I really like how she went on to say:
“Some people do keep exotic animals as pets. A high onus regarding provision of secure housing for wild animals is appropriate to place on their owners.”
Agreed. If you can’t contain them, you lose them. Period.
Does the doctrine of animus revertendi (whether the animal had the usual habit of returning home) apply?
In Campbell, the court considered that if a wild animal had the habit of returning home, a person may have greater ownership interest if the animal escaped.
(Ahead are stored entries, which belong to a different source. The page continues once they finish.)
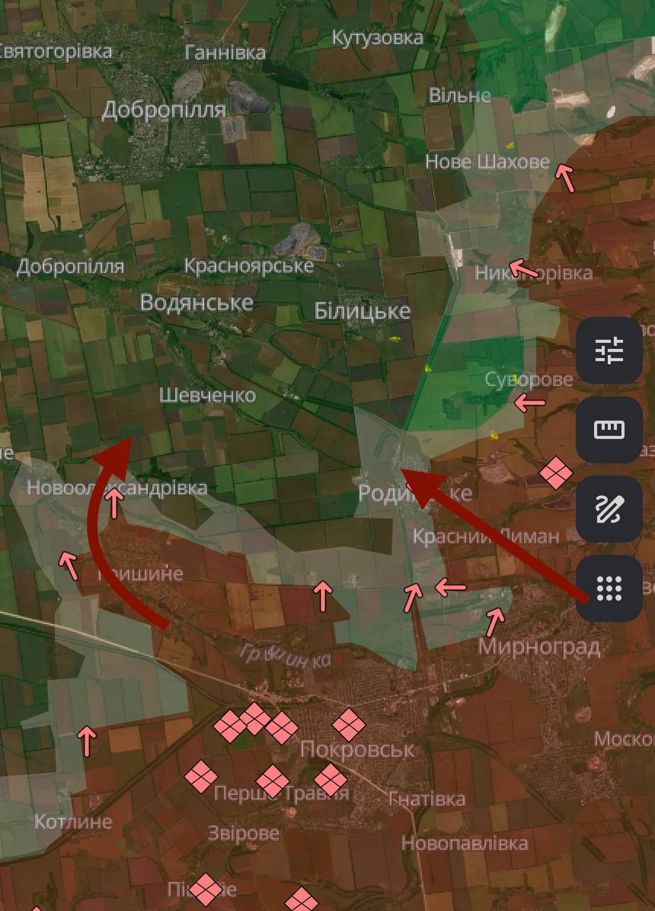 "Плюс купа невідомих жмурів під завалами, яких навіть вони ніколи не будуть відкопувати. Через це ворог посилює наступальні дії в напрямку н.п. Шевченко зі сторони Гришине, на півдні від Добропілля, щоб обрізати всю логістику та вийти в тил підрозділам СОУ, які тримають Родинське", - пише "Алекс".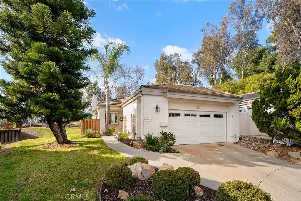 Welcome to 1802 Castle Glen. From the private courtyard entry, to the thoughtful updates, well-designed floorplan, cul-de-sac location, and OWNED solar, this 2 bedroom, 2 bathroom condo in the View Terrace community is the perfect place to call home. Upon entering you are greeted with updated paint and luxury vinyl plank flooring throughout. The comfortable living and dining areas, with access to the patio, offer the perfect space to relax or entertain. Cooking is easy to do in the bright, spacious kitchen featuring granite countertops, stainless steel appliances (including gas stove), and ample cabinetry. Retreat to your primary suite complete with custom-built closets, vaulted ceilings, dual bathroom sink vanities and access to the patio. The second bedroom and private bathroom is perfect for kids, guests, or those that work from home. Relax after a long day on your private, beautifully landscaped and crafted patio. Just out front is the attached, two-garage which includes extensive storage space and laundry facilities. Additional recent updates include: complete gas fireplace remodel; primary bath shower conversion; exterior paint; rain gutters; sprinkler system; electric heat pump/AC system; and garage door/opener. View Terrace is a quiet, family/pet friendly, well-maintained community surrounded by lush trees and landscape. The community boasts a sparkling pool, basketball and tennis courts, grassy areas and paths to run and play. Living in southwest Escondido, near the 15 freeway, means you are just minutes from Lake Hodges, nearby hiking trails, and many dining, shop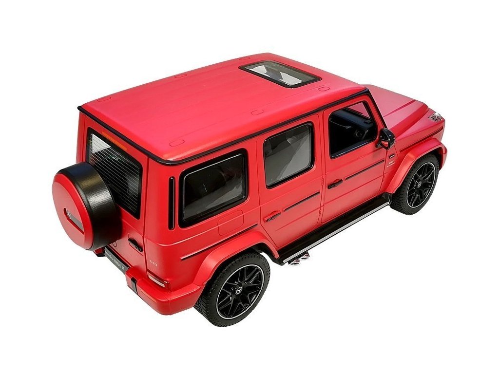 Dálkově ovládaný Mercedes G63 v červené barvě je replika skutečného vozu v měřítku 1:14. Auto se díky ovladači pohybuje vpřed, vzad, otáčí se a brzdí. Díky svému terénnímu charakteru může být použito jak doma, tak na zahradě. Vozidlo je vybaveno svítícími efekty, světla se rozsvítí, když je auto zapnuté a když jede.

Vallee acknowledged that Darwin’s parking lot escape did not give him that option. But Nakhuda’s desperate email to a monkey trainer tells a tale of an animal who “must be kept on a leash at all times..” Nakhuda then writes, “I cannot imagine him ever being without a leash.” However, Vallee, points out that since the animal has never previously escaped, it can’t be known if he would return home, so this issue could not be determined.
Does the doctrine of immediate pursuit (of the animal by the owner) apply?
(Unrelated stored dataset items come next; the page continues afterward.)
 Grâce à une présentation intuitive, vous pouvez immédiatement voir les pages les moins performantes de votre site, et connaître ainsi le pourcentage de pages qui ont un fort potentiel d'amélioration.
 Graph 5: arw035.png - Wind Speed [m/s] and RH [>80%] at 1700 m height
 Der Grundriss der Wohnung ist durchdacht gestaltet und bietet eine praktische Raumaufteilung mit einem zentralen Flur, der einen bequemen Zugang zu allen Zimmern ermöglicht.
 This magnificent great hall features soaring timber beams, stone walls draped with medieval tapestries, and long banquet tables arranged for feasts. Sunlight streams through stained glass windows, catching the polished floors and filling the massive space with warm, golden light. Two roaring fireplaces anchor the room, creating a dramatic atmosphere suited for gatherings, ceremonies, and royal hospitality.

This I mentioned earlier. If you are pursuing your escaped wild animal, you still retain some, if not all, ownership rights over it. More to the point, if someone takes the animal while you are in pursuit, it is considered theft. Nakhuda didn’t know the animal was loose until it was in the hands of Toronto Animal Services. She argued that because she called them immediately, she was in pursuit. However, because animal services took the monkey before Nakhuda knew it was loose, they did not “steal” it. Therefore, the doctrine was not applicable.
Does an animal have to regain its natural liberty before it is considered a wild animal with the consequences that the owner loses possession?
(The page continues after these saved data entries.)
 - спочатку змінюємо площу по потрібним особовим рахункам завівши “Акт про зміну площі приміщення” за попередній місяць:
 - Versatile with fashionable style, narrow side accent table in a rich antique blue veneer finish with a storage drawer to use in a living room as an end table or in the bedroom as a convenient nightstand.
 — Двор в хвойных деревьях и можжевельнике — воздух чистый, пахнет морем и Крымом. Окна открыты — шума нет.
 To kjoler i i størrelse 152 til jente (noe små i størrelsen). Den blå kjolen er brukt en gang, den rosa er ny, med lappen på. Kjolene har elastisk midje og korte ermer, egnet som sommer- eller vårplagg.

Nakhuda’s cousel referred to two American cases where animals escaped back into the wild (one an elk, the other a sea lion) and the courts in both cases found that the animals had regained their “natural liberty” and therefore status as wild animals. Darwin, of course, didn’t escape back into the wild and, as such, claimed Nakhuda’s lawyer, did not have wild animal status. In addition to pointing out that American law does not apply here, the judge also noted that monkeys are not native to Canada so cannot return to their natural habitat, thus, the requirement for natural liberty was not applicable.
In closure, the judge writes :
[53] Based on the evidence before me and the applicable law as I have determined it to be, I am satisfied on a balance of probabilities of the following:
- a) The monkey is a wild animal. The concept of habit of returning home and immediate pursuit do not apply. Ms. Nakhuda lost ownership of the monkey when she lost possession.
- b) Ms. Nakhuda understood that by signing the TAS form, she transferred ownership of the monkey to the City of Toronto. She was upset but not unduly influenced when she signed the form. There were other options available to her. She was not required to sign the form.
- c) TAS did not unlawfully detain the monkey. It was entitled to do so in tis discretion pursuant to the protective custody provisions bylaw. Concerns about illegally imported monkey disease were good reasons to detain the monkey.
[54] Accordingly, the action is dismissed.
Darwin’s life won’t be perfect, but it will be better than it would have been under Nakhuda’s misguided mommying. In the end, it was fortunate that he escaped and equally fortunate that he was picked up by animal control. Under the laws and cases cited here, he could have easily been scooped up by some passerby who could have legally taken him home – after they returned his coat.
Thanks Ontario Superior Court Judge Mary Vallee – law that makes sense!
Kim:
This is the clearest explanation I’ve seen on the legal implications of this case. Everyone else focuses on the “cute” monkey.
Very well, um, even better extremely well done; an excellent blog. As usual.